The helicopter's wreckage was discovered yesterday on a mountain in the Yamal Peninsula, the northernmost part of the Yamalo Nenets Autonomous Area, but helicopters were unable to safely land on the mountain to investigate.
"Rescuers reached and identified the helicopter today. All six people on board - the pilots and researchers - have been found dead," a spokesperson for the regional emergencies department said.
Contact with the helicopter, carrying scientists from an aero-geophysics center involved in a geomagnetic research, was lost a few hours after it took off from the village of Shchuchye, 50 kilometers (30 miles) from the autonomous area's administrative center, Salekhard.
The spokesperson said investigators have yet to recover flight data recorders to establish the cause of the crash. The wreckage is on the Khanmei mountain, at a height of 1,333 meters (4,400 feet) above sea level.
Crashes of Mi-8 Hip transport helicopters, first introduced to the Soviet Air Force in the late 1960s, are a relatively common occurrence in Russia. Several accidents involving the helicopter have occurred in recent months.

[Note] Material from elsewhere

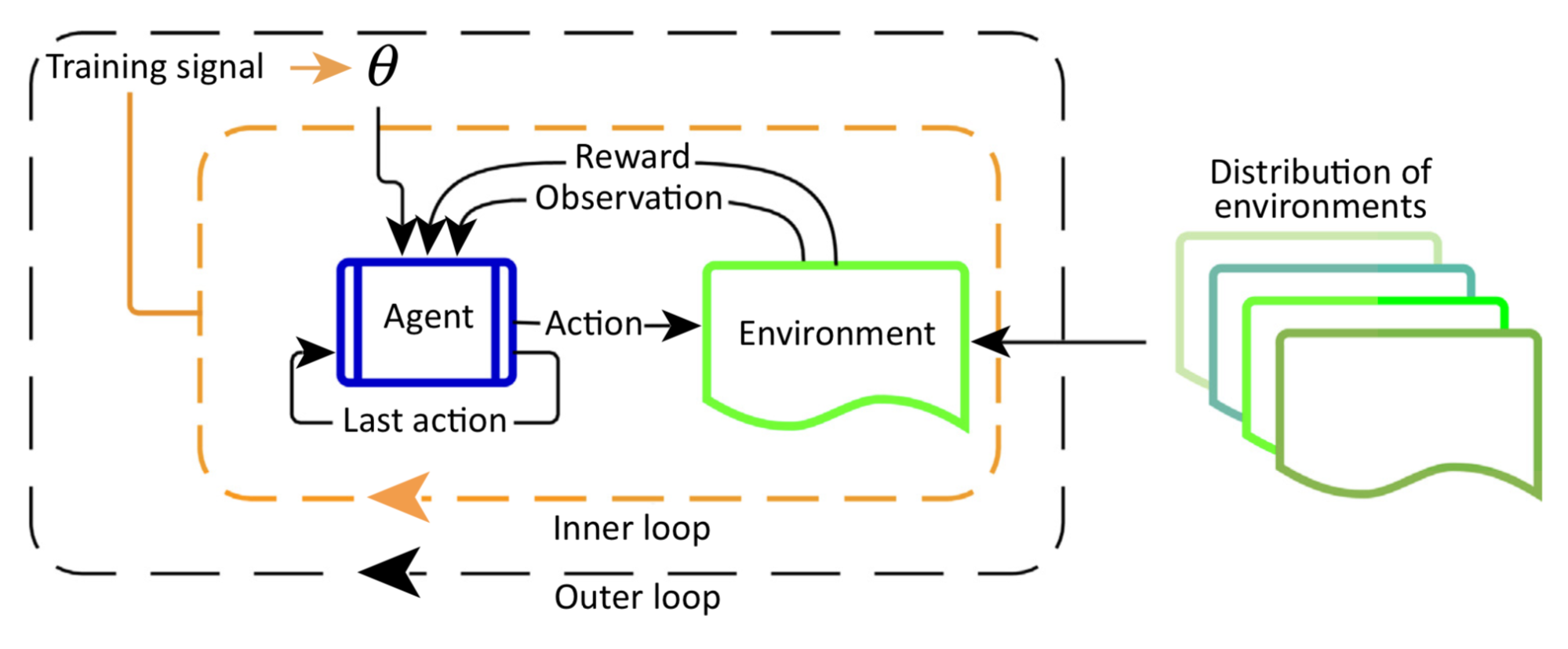 딥러닝이 활발히 개발되는 시점에, Wang et al, 2016 과 Duan et al, 2017은 거의 동시에 Meta-RL에 대해서 비슷한 아이디어를 내놨다. (두번째 논문은 보통 \(\text{RL}^2\)라고 부르기도 한다.) meta-RL 모델은 다양한 MDP에 대해서 학습하고, test 시점에서는 새로운 task를 빠르게 해결할 수 있게끔 학습한다. meta-RL의 목표는 일반적인 알고리즘을 한단계 넘어서는 의욕적인 것이었다.

Six people including two Polish tourists died following a crash of an Mi-8 in the Magadan Region in Russia's Far East last Saturday. On Tuesday an Mi-8 helicopter crashed in the Tomsk Region in west Siberia, injuring at least 11 people. An Mi-8 crashed in the Yamalo Nenets Autonomous Area in early July, but all passengers and crew survived. In early July a pilot was killed and another injured when an Mi-8 Russian border guard helicopter crashed near the Estonian border.